DB pension scheme health continues to improve past pre-Covid levels

The health of the UK’s defined benefit (DB) pension schemes has continued to improve since the sharp decline seen at the start of the pandemic, with analysis from Legal & General Investment Management (LGIM) suggesting that it is “far stronger” than pre-Covid-19 levels.

The provider’s Health Tracker, a monitor of the current health of UK DB pension schemes, found that the average DB scheme can expect to pay 98.2 per cent of accrued pension benefits as of 31 March 2021, representing a 6.8 percentage point year-on-year increase.

Indeed, the tracker has shown a continued improvement in each of the last four quarters, with the latest figures also marking a 1.1 percentage point improvement on the previous quarter, with a funding level of 97.1 per cent recorded as at 31 December 2020.

Despite this, the provider stressed that it is important to note that these figures may still yet understate the negative impact of the pandemic, due to the weakening of covenants that many schemes will have experienced.

LGIM head of solutions research, John Southall, attributed the latest change largely to a rapid rise in nominal interest rates, the sharpest three month increase seen in years, which has in turn benefitted schemes that have not fully hedged their interest rate risk.

He also explained that whilst these benefits were partially offset by a rise in expected inflation, growth assets also posted a strong quarter, boosting asset values.

“One notable feature of our EPBM measure is that it cannot exceed 100 per cent," he continued. "As the EPBM figure edges closer to 100 per cent, continued positive experience for schemes has a smaller marginal impact on our measure.

“From a covenant perspective we chose to retain a typical sponsor rating assumption of BB in our calculations as confidence in the recovery improves.

“Whilst the long-term impact of the pandemic remains unclear, fiscal and monetary actions have been extremely supportive.
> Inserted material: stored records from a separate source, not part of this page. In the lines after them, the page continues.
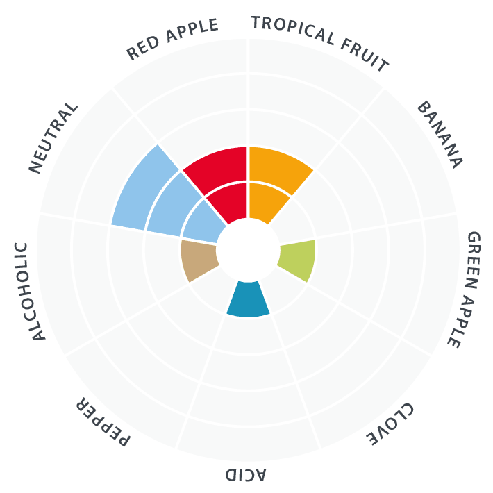 Fruity and estery with notes reminiscent of red or green apple, light banana, and soft tropical hints, supported by a gentle fresh yeasty character. Low hop masking and a malt forward balance yield rounded, full bodied beers.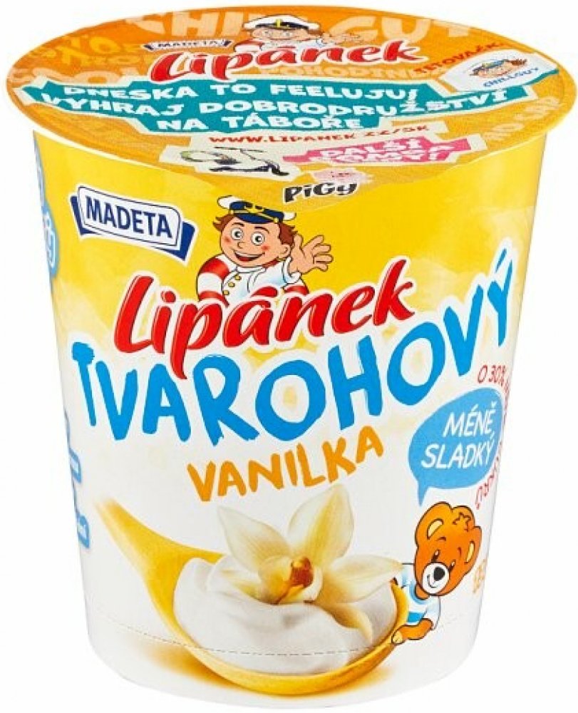 Cena se může v jednotlivých regionech lišit. -- Dopřejte sobě i nejmilovanějším tuto senzační novinku... Madeta pro vás připravila nový Lipánek Tvarohový. Je méně sladký, ale chutná pořád stejně skvěle a to protože jsme zachovali jeho osvědčenou a poctivou výrobu. Více informací včetně zajímavých receptů jsme pro vás připravili na www.lipanek.cz. Lipánek Tvarohový - ten méně sladký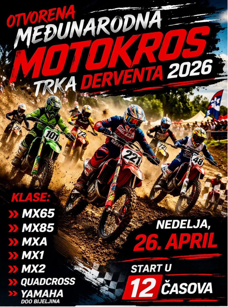 На стази ће вјештине на двоточкашима демонстрирати возачи из БиХ, Хрватске и Словеније распоређени у више категорија, од малих класа мотора за дјецу до 450 кубика у професионалној категорији, као и квадовима.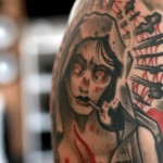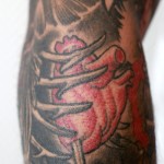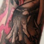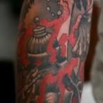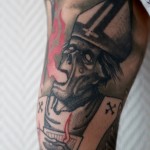Il est des projets qui comptent plus que d’autres, celui de « Six the ripeur » tient une place particulière. D’abord par sa thématique antireligieuse.  En bon mécréant antithéiste j’exècre profondément les catholiques, même si chacune de ces sectes à réussite variable qu’on appelle religion me fait vomir.  Ensuite parce qu’il a été réalisé sur mes passages en guest chez mon pote Chris Leblanc en Normandie à Argentan et que chaque session a été l’occasion de se marrer comme des bossus. Et enfin parce que j’ai un profond respect pour le porteur, je trouve étrange pour ne pas dire putassier cette habitude qu’on les tatoueurs d’aujourd’hui de remercier leurs clients d’être venu se faire tanquer chez eux, habitude que j’assimile à un pompage hypocrite en règle mais là je ferais une unique exception, merci à lui pour ce projet et sa confiance.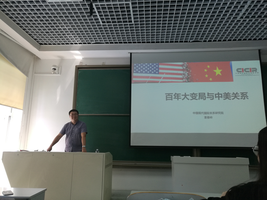 6月4日14:00,william威廉中文官网2021年春季学期国际商务热点前沿系列之第四场讲座在文东205举办。本次讲座主题是“百年大变局与中美关系”,邀请了中国现代国际关系研究院美国所副研究员董春岭先生主讲,讲座由我院副教授谢文心老师主持。

We noted that if a rating of B was assumed, the EPBM figure at 31 March 2021 would be around 1.1 per cent lower.”

Adding to this, LGIM head of rates and inflation strategy, Christopher Jeffrey, stated: “The global reflation trade played out in force during the first quarter. The consensus continued to mark up its 2021 growth outlook on the back of fiscal stimulus and the vaccine roll-out.

"US Treasury yields rose more in Q1 than any quarter since 2016 Q4. There are clear parallels with that episode: a sharp move higher in US sovereign funding costs driven by political transition that dragged up yields everywhere.

“Risk assets remained immune to that reset in discount rates with equity markets supported by a stronger earnings backdrop, and credit markets enjoying abnormally low default rates.

“There are a few hints of inflation concern entering the market narrative with breakeven inflation and commodities moving higher since the turn of the year. The fate of inflation as economies around the world reopen will make or break the market dynamic over the rest of the year."